What is the point of going to a store?

The news media is aflame with news of Amazon's $13.7B acquisition of Whole Foods. In a companion piece, Kurt Schlosser revisited his tour of a Whole Foods 365 store from last fall. Schlosser mused: "The fear that Amazon’s prowess in artificial intelligence and machine learning and robotics could replace human grocery workers is also a real one." It's definitely concerning that this is yet another in a long line of traditional mid-skill jobs that are heading for automation.

With the statement "replace human grocery workers" Schlosser assumes that the only significant role for humans in this system is to process transactions and bag your items. It's worth examining this assumption because it helps uncover some of the other dynamics that contribute to the success of Whole Foods. Once freed from the burden of processing transactions, is there some new person-to-person dynamic waiting to be created?

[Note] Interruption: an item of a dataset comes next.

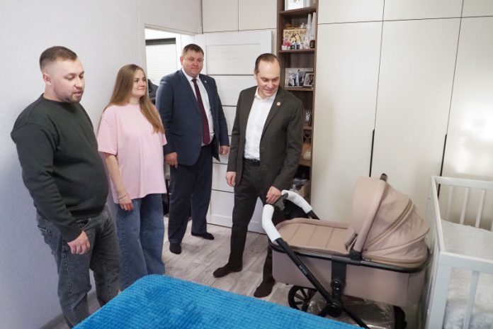 Алена и Евгений показали Главе региона, как обустроились на новом месте – заехали они буквально две недели назад. А обустроились действительно хорошо – ремонт аккуратный, в доме тепло и светло, уже купили все необходимое для комфорта и уюта. Конечно же, нарядили новогоднюю елку. Артём Здунов осмотрел жилое помещение, особое внимание уделил качеству социального ремонта. Своими силами молодые люди приобрели только мебель.

I like the fact that the people at my local Red Apple Market know me and ask how my kids are doing. They also make useful recommendations that are highly relevant because they know me. One might argue that a computer could do this job even more effectively, but that's another assumption. I like the social interaction and the connection with people. Isn't this another example of the massive success that Whole Foods has had?

The user researcher in me wants to know: Is my behavior now considered aberrant? Are customers actually asking for a person-free grocery shopping experience? Or has the desire of our technology-obsessed society to make everything "more efficient" gone too far, to an illogical conclusion?

As one example, smaller hardware chains seem to have embraced the importance of employees as experts who are there to recommend. In my area, if one wants to get trusted advice, one goes to McLendon Hardware or Town Center Hardware rather than one of the big box stores.